(Beginning of Data section)
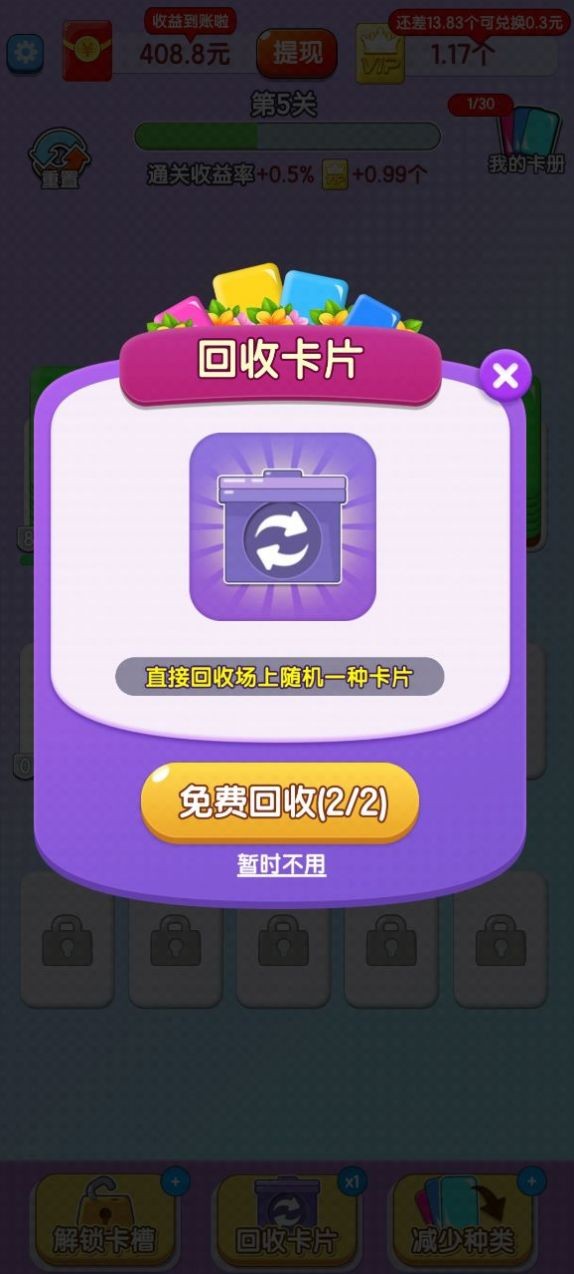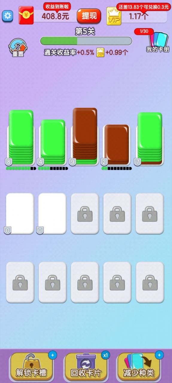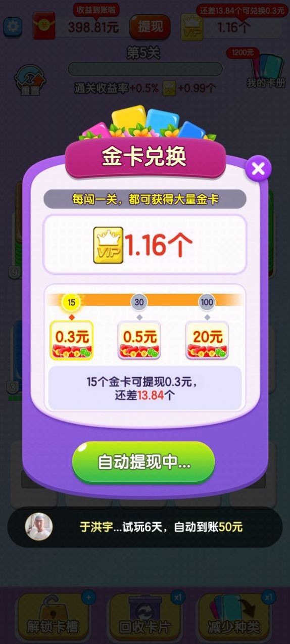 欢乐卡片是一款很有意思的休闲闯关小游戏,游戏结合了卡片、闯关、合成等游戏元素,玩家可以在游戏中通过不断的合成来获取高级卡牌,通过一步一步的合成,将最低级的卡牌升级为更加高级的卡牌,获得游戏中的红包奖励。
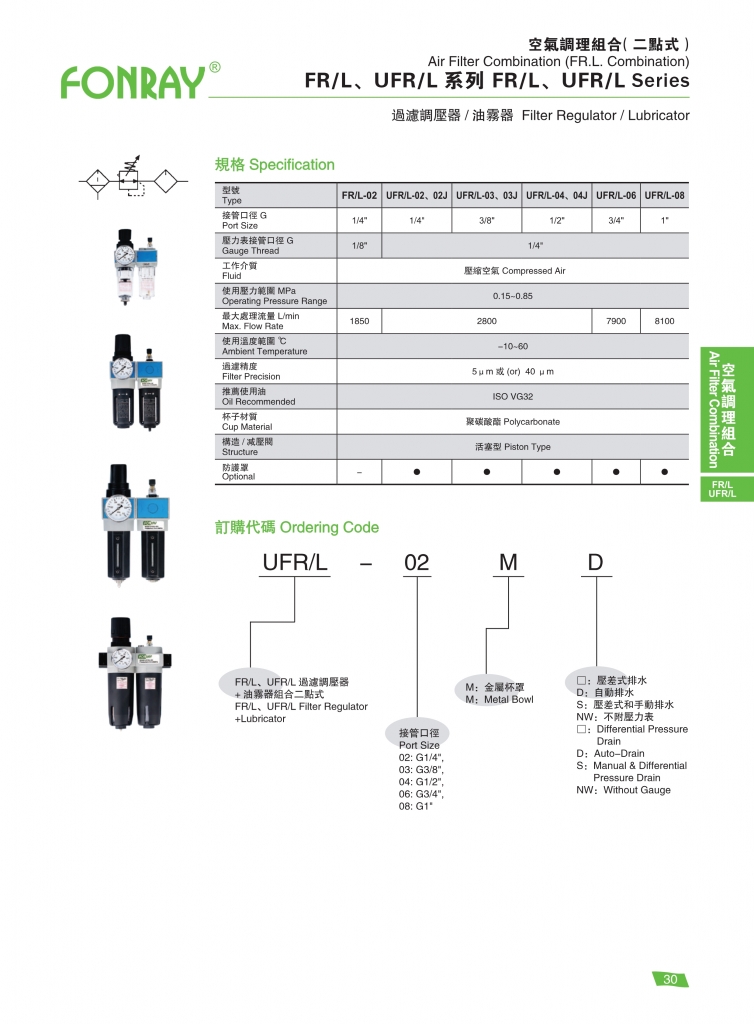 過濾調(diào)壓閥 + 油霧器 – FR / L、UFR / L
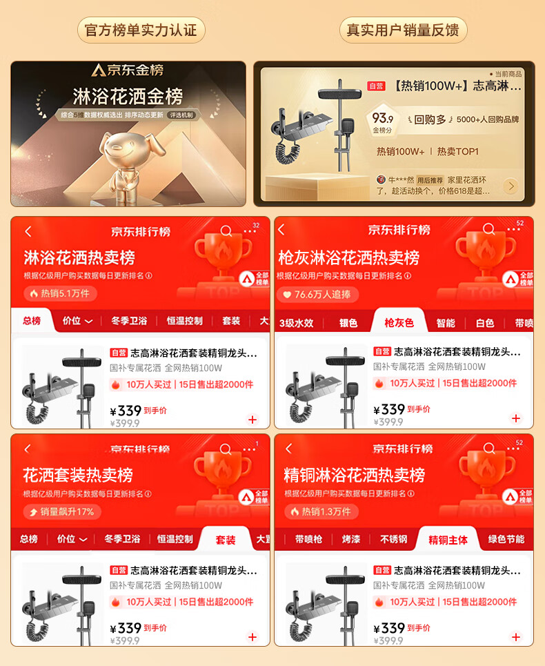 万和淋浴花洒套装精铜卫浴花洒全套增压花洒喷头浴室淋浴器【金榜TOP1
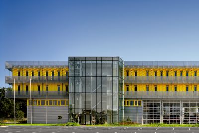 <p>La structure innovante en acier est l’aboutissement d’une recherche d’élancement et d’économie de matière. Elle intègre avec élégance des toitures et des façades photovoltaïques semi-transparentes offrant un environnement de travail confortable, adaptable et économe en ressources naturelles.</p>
(End of Data section)
(Beginning of Data section)
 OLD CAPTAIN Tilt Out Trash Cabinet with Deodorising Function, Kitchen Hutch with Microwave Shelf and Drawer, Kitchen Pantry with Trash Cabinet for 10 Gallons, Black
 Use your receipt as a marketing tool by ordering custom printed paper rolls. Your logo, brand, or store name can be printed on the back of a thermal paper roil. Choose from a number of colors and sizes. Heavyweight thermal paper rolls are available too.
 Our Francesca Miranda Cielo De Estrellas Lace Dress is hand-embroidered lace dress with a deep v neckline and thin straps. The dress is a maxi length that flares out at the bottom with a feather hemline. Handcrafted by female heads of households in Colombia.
(End of Data section)
(Beginning of Data section)
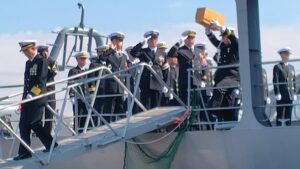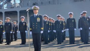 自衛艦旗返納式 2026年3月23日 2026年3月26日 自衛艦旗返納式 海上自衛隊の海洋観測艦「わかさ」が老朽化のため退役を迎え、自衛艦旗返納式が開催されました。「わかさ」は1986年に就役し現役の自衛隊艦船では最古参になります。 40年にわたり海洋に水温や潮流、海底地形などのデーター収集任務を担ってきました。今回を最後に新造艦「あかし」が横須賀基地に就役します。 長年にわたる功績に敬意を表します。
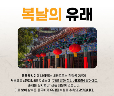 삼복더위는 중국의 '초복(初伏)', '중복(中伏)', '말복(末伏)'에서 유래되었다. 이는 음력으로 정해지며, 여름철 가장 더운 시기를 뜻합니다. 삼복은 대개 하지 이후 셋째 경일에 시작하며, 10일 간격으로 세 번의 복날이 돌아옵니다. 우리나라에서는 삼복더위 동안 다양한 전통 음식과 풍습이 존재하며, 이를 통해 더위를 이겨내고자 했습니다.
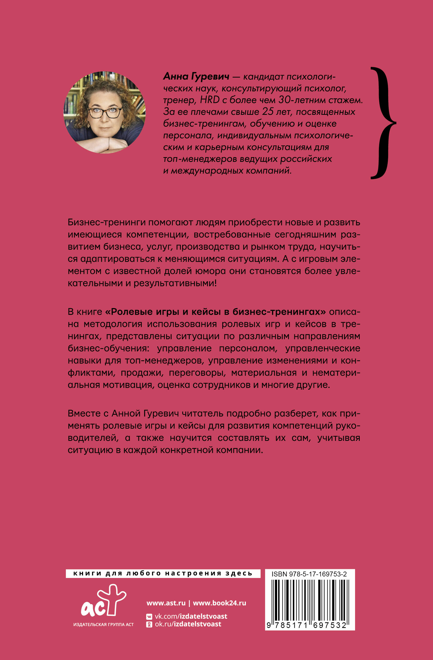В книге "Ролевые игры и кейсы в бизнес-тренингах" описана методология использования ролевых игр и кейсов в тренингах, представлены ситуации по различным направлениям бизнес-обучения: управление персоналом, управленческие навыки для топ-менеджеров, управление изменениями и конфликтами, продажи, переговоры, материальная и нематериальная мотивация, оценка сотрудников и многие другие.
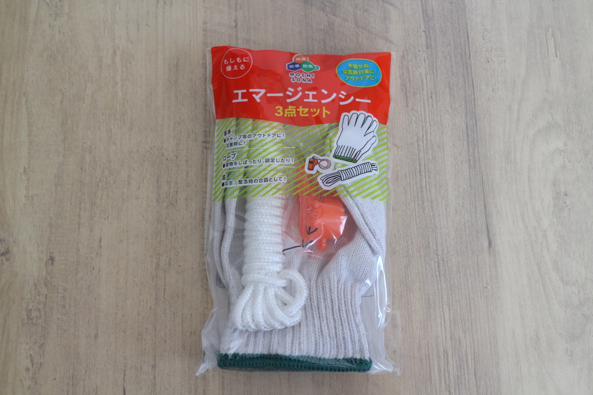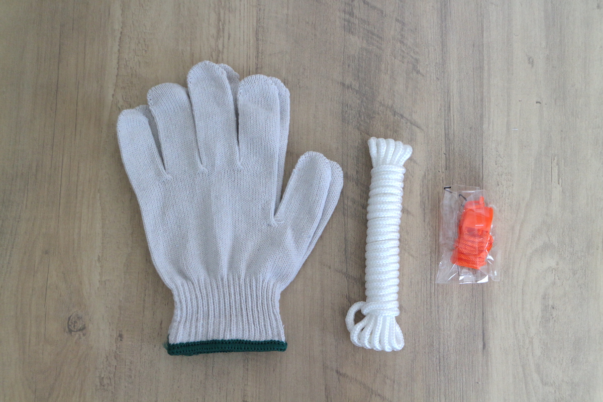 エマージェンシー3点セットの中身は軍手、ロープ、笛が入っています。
(End of Data section)
Among the entries above, copy exactly the stretch from the line holding "и многие другие." through the line holding "エマージェンシー3点セットの中身は軍手、ロープ、笛が入っています。", leaving out any pictures.

* _Expected answer_:
В книге "Ролевые игры и кейсы в бизнес-тренингах" описана методология использования ролевых игр и кейсов в тренингах, представлены ситуации по различным направлениям бизнес-обучения: управление персоналом, управленческие навыки для топ-менеджеров, управление изменениями и конфликтами, продажи, переговоры, материальная и нематериальная мотивация, оценка сотрудников и многие другие.
 エマージェンシー3点セットの中身は軍手、ロープ、笛が入っています。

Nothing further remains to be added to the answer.